Replies continue below

Recommended for you

This is a good starting point for those not overly specialised in flow assurance:
The usual suspects of the chemical supply world, such as BHGE, Nalco Champion, etc., will happily call round for a visit. Hydrates are indicative of wet gas, so there may be a corrosion issue to think about that could also require a chemical treatment. Mutual chemical interference could then become a problem. You might think about getting an appropriate flow assurance consultant on board.

Steve Jones
Corrosion Management Consultant


All answers are personal opinions only and are in no way connected with any employer.
 
The GPSA has a whole chapter dedicated to gas dehydration related topics including hydrate inhibition. If you are looking at intermittent inhibition, also talk to vendors who supply Low Dosage Hydrate inhibitors(LDHI) and or LDKHI - low dosage kinetic hydrate inhibitors - these cost considerably more than conventional inhibitors. If the downstream point is on the borderline of hydrate formation, I would reckon you dont need it - this is my experience with operating at these pressures / temp combinations.
 
There are many options and previous studies which will help point you to the correct one for your operation.
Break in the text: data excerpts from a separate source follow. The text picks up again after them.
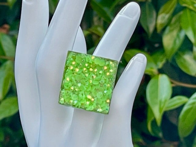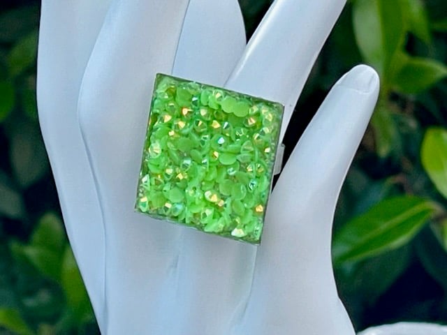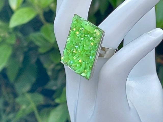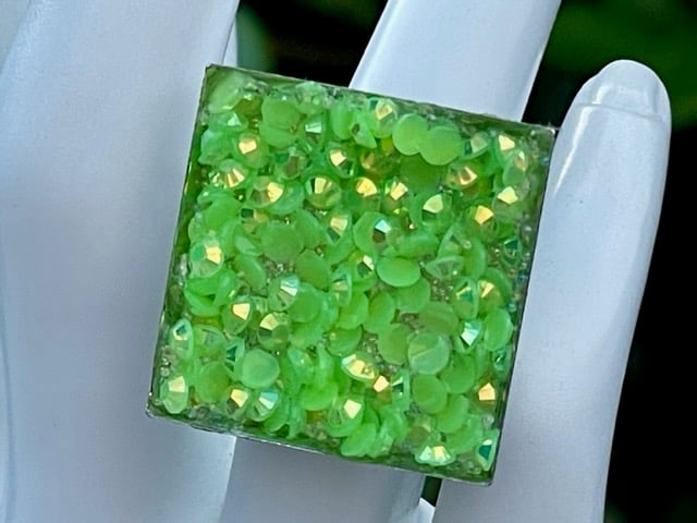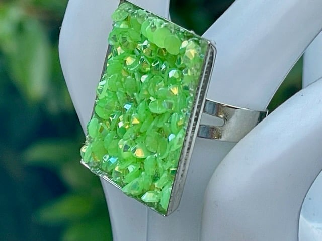 A stunning silver crystal square adjustable ring in a cracker super on trend acid neon green.
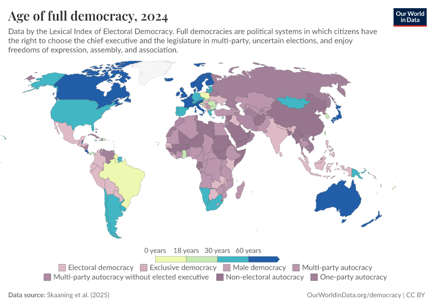 Skaaning et al. (2025) – processed by Our World in Data. “Age of full democracy” [dataset]. Skaaning et al., “Lexical Index of Electoral Democracy (LIED) v6.8” [original data]. Retrieved February 27, 2026 from https://data-populationgrowth-discre.owid.pages.dev:8789/20260119-065148/grapher/age-of-full-democracy.html (archived on January 19, 2026).
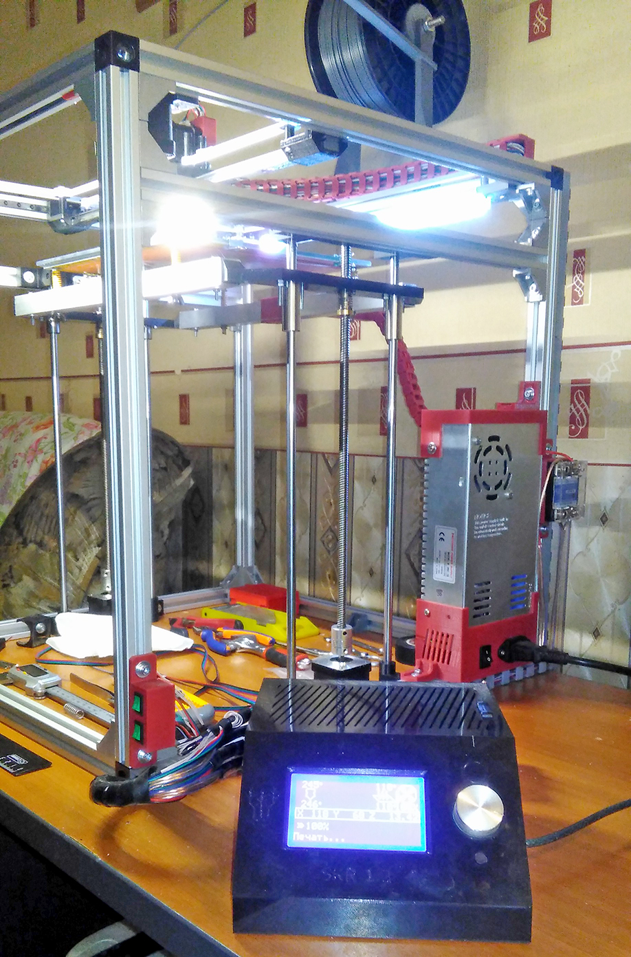 Кинематика Core XY, размер области печати 235х235х290, экструдер Direct, плата управления SKR 1.3, драйвера двигателей TMC2209 UART. Самосбор. За идею взята конструкция HyperCube, но все детали и крепления смоделированы и распечатаны самостоятельно.
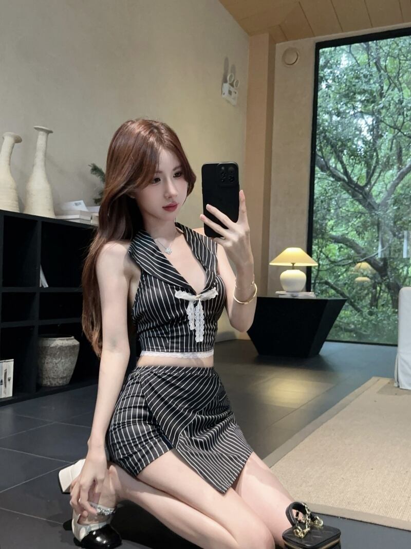 甘いホットガールスーツ夏ストライプバックレスノースリーブトップ不規則ヒップラップショートスカートツーピースセット 大人ガーリー スウィート キュート カジュアル サマー 夏物
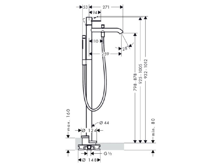Смеситель для ванны и душа, Hansgrohe, Axor Uno, тип открывания воды-однорычажный, тип регулирования воды-керамический узел смешивания, тип установки-напольный, отверстия для монтажа-1, вынос излива, мм-259, вид ручки-петля, внутренняя часть-необходимо заказать, цвет-хром, в комплекте-ручной душ Axor Starck, форма-цилиндрическая, тип струи ручного душа-Rain, Mono, держатель ручного душа, шланг, с металлическим эффектом,мм-1250, переключатель вакуумного типа Смеситель для ванны и душа, Hansgrohe, Axor Uno, цвет-хром
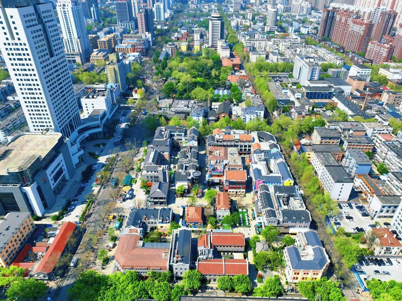 4月7日,泉城春光明媚,午时暖意浓浓,俯瞰济南老商埠街区,到处都是一派生机勃勃、春意盎然的景象,绿树环绕下的仿古建筑别具韵味,吸引了市民游客前来感受春日浪漫,体验济南的历史与现代交融的韵味。风景>>-app/#/content?catid=39&id=5239882(LY)
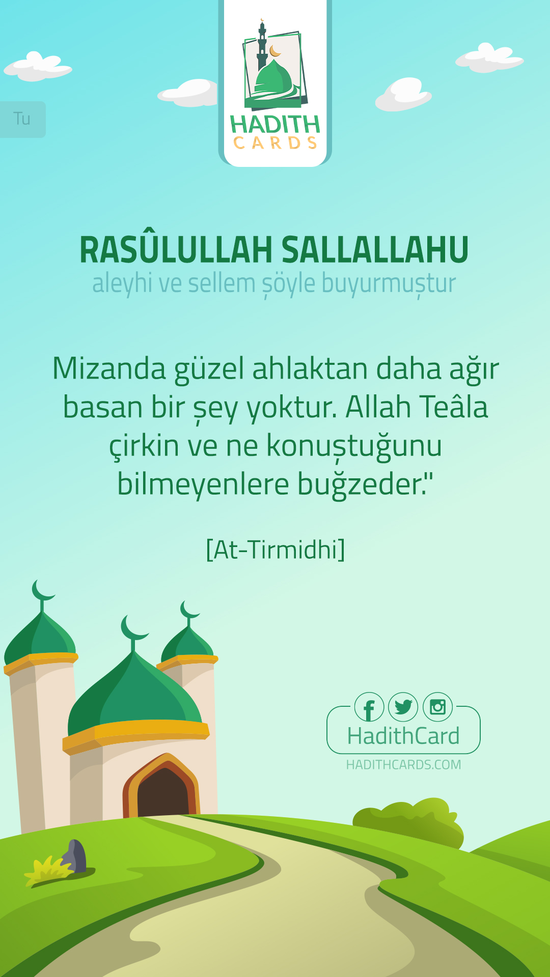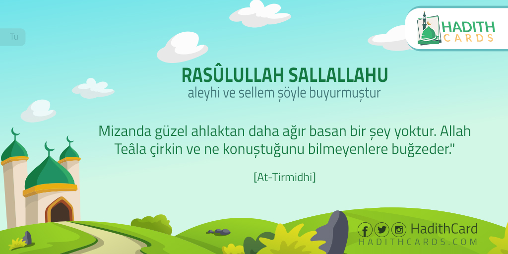«ما من شيء في الميزان أثْقَلُ مِنْ حُسْنِ الْخُلُقِ. وإن الله يُبْغِض الفاحش البَذِيء». (الترمذي)
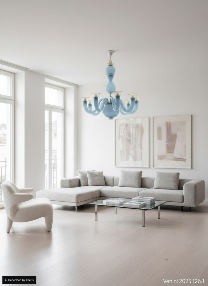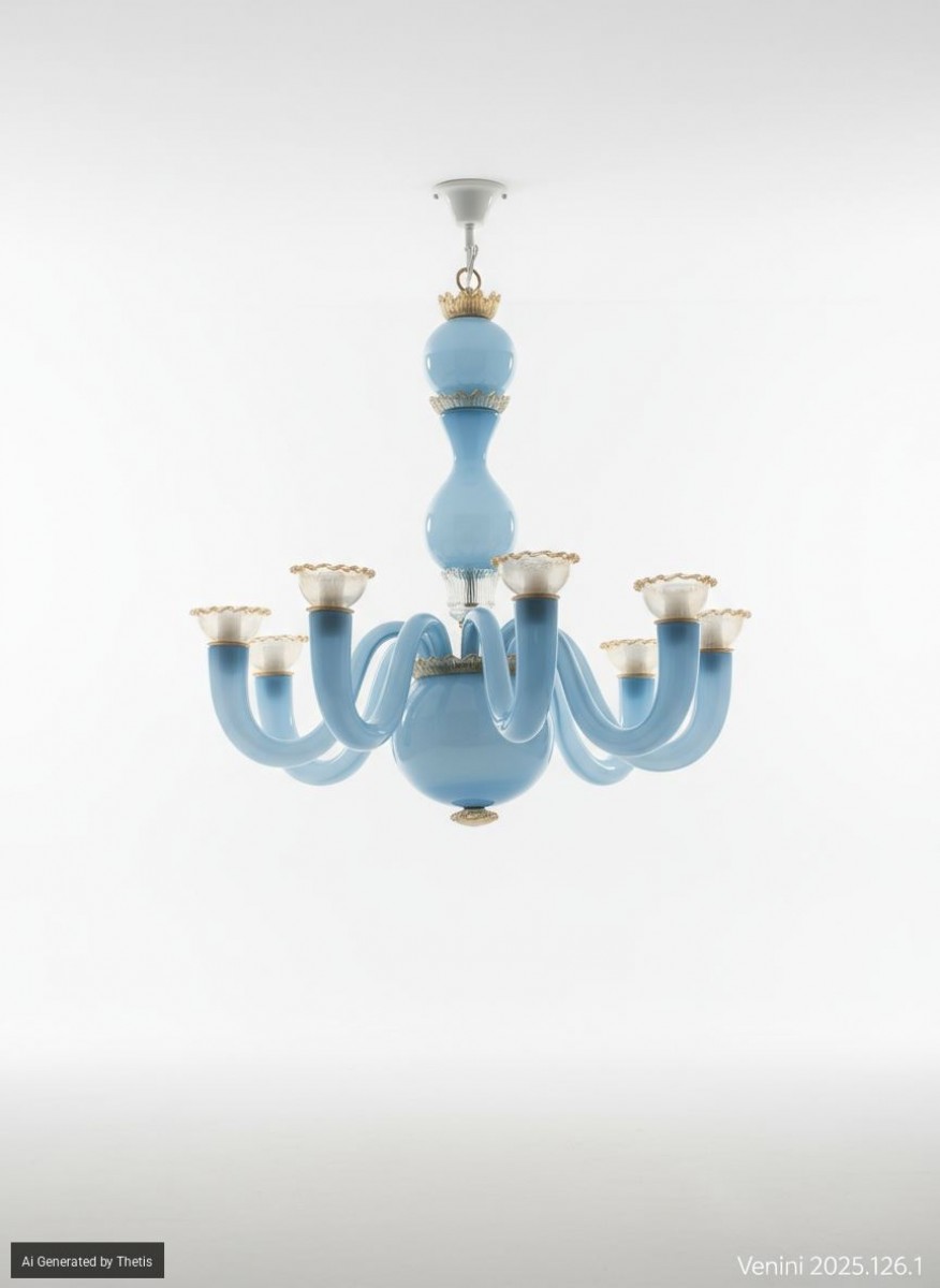 Blue glass and gold leaf glass, produced by Venini, 70 x 71 cm

Things like how often does the flow start / stop (the kinetic ones work when there is flow - not great if it starts and stops)

How much water do you have?
How does temperature vary?
Can you lower the operating pressure?
Where is injection feasible (U/S of choke usually best)
What are the issues with methanol storage? This is a dangerous chemical and has many downsides in terms of toxicity, flammability and handling)
What is the impact on downstream equipment / user?

For injection rates you really need to understand the phase envelope of you fluid and how much you want to be in the safe zone.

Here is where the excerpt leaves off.